Schon einmal eine Partition direkt eingebunden? Das klingt nun vieleicht etwas merkwürdig, der Kernel erkennt ja die Partitionen und udev legt die passenden nodes unter /dev an … aber, was, wenn die Partitionstabelle beschädigt wurde oder man aus versehen mit einer grub-installation diese zerstört hat? Kein Problem. Kennt man das offset der Partition, kann die Festplatte mit einem offset als neues Gerät bereitgestellt werden, was ausreicht, um Dateien noch kopieren zu können. Schreiben sollte man mit dieser Methode nicht.
Beispiel an meiner HDD
fdisk -ul /dev/sda
Platte /dev/sda: 250.0 GByte, 250059350016 Byte
255 Köpfe, 63 Sektoren/Spuren, 30401 Zylinder, zusammen 488397168 Sektoren
Einheiten = Sektoren von 1 × 512 = 512 Bytes
Disk identifier: 0xc606c606
Gerät boot. Anfang Ende Blöcke Id System
/dev/sda1 * 63 146496734 73248336 7 HPFS/NTFS
/dev/sda2 146496735 193374404 23438835 83 Linux
/dev/sda3 193374405 486978344 146801970 b W95 FAT32
/dev/sda4 486978345 488392064 706860 82 Linux Swap / Solaris
Die erste Partition startet bei Sektor 63 und endet bei 146496734. Dabei ist zu beachten, das die Start/Endposition unbedingt in Sektoren, und nicht in Zylindern anzugeben ist. 146496735 Sektoren entsprechen 146496735*512/1024/1024/1024 Gigabyte. losetup benötigt das offset in bytes, so ist zb. 146496735*512=75006328320 für die 2. Partition zu übergeben. Andersherum kann man diese Rechnung auch nutzen, um bei zerstörten Partitionstabellen sich in etwa an den 1. Block heranzutasten. Dabei muss man in diesem Bereich nach einer gültigen Dateisystem-Signatur suchen und den 1. Sektor als offset nutzen. Das geht besonders gut mit einem hexeditor (zb. hexedit). Die größe der Partition in byte umrechnen, die HDD im hexeditor öffnen und nach einer Signatur suchen und per loopback als neues device bereitstellen. OK, zurück zur Aufgabe.

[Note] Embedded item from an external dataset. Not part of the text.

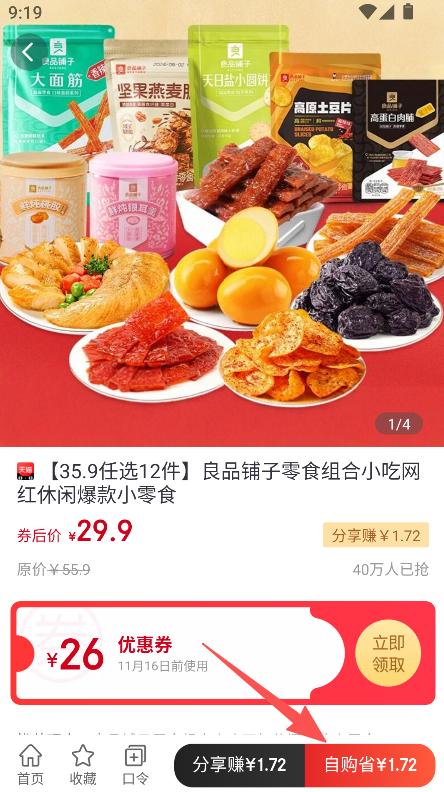 2、优惠券领取功能,商品页可领取隐藏优惠券,如良品铺子零食领26元券,大幅降低购物价格,实现低价购物。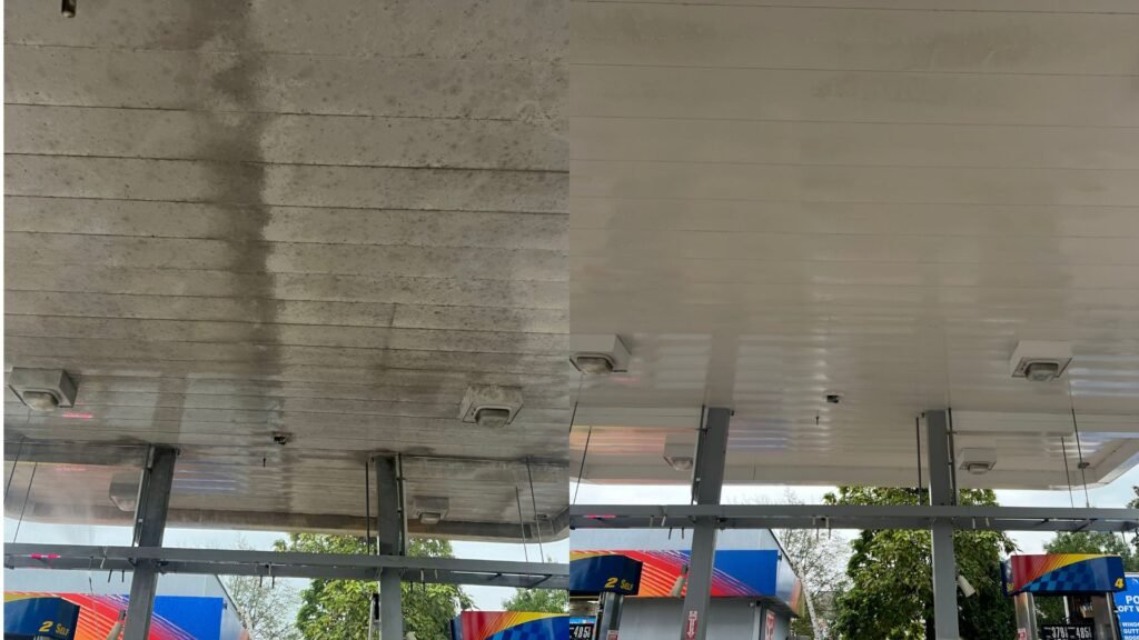 Maintain a clean, safe, and welcoming environment with professional gas station pressure washing. Specialized cleaning removes oil stains, fuel spills, gum, and grime from pump areas, concrete surfaces, canopies, and storefronts. Using high-powered equipment and eco-friendly detergents, every surface is restored to a spotless finish that enhances curb appeal and safety. With over 20 years of experience, King Glass Cleaning ensures gas stations stay clean, compliant, and inviting for every customer.

Um meine 1. Partition zu mounten, muss das Offset in byte angegeben werden, bei der diese Physisch auf der HDD startet. Also, 63sektoren a 512 Byte. Also, 63*512 = 32256. Dieses offset übergibt man zusammen mit dem zu verwendendem loop-device und der hdd an losetup. Anschließend kann das Device normal gemountet werden (wenn das offset stimmt und ein Dateisystem-header im loop-device gefunden wird)
~ # losetup -o 32256 /dev/loop4 /dev/sda
~ # losetup -a
/dev/loop/4: [000f]:1108 (/dev/sda) offset=32256
~ # mount /dev/loop4 tmp2
~ # mount
/dev/sda2 on / type ext3 (rw,noatime)
proc on /proc type proc (rw,nosuid,nodev,noexec)

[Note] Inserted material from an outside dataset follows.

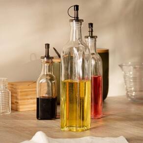 Esta garrafa de vidro com bico dosador é ideal para colocar azeite ou vinagre, facilitando o preparo de pratos e saladas. O vidro é uma escolha comum para recipientes de armazenamento de alimentos devido à sua neutralidade, não transferindo sabores indesejados. Além disso, possui tampa preta, que proporciona um contraste estético, e desempenha um papel fundamental na preservação do azeite, protegendo-o contra a exposição ao ar. Adquira itens de qualidade para sua cozinha, e deixe o preparo das refeições mais agradável.

sysfs on /sys type sysfs (rw,nosuid,nodev,noexec)
udev on /dev type tmpfs (rw,nosuid)
devpts on /dev/pts type devpts (rw,nosuid,noexec)
shm on /dev/shm type tmpfs (rw,noexec,nosuid,nodev)
usbfs on /proc/bus/usb type usbfs (rw,noexec,nosuid,devmode=0664,devgid=85)
svcdir on /var/lib/init.d type tmpfs (rw,mode=0755,size=2048k)
none on /sys/fs/fuse/connections type fusectl (rw)
/dev/loop/4 on /root/tmp2 type ntfs (rw)
~ # ls tmp2
AUTOEXEC.BAT ntldr
BOOT.BAK pagefile.sys
bootfont.bin Programme
boot.ini RECYCLER
Dokumente und Einstellungen hiberfil.sys
System Volume Information NTDETECT.COM
IO.SYS Update
MSDOS.SYS WINDOWS
mount | grep -i loop
/dev/loop/4 on /root/tmp2 type ntfs (rw)
df -h | grep -i loop
/dev/loop/4 70G 68G 2,1G 98% /root/tmp2
nagut, wie man sieht lassen sich die Dateisysteme problemlos mounten und lesen. Wurde die Partitionstabelle beschädigt, kann man in einer Region der HDD in der sich das Dateisystem befinden sollte nach der Signatur suchen und anschließend mit offset mounten.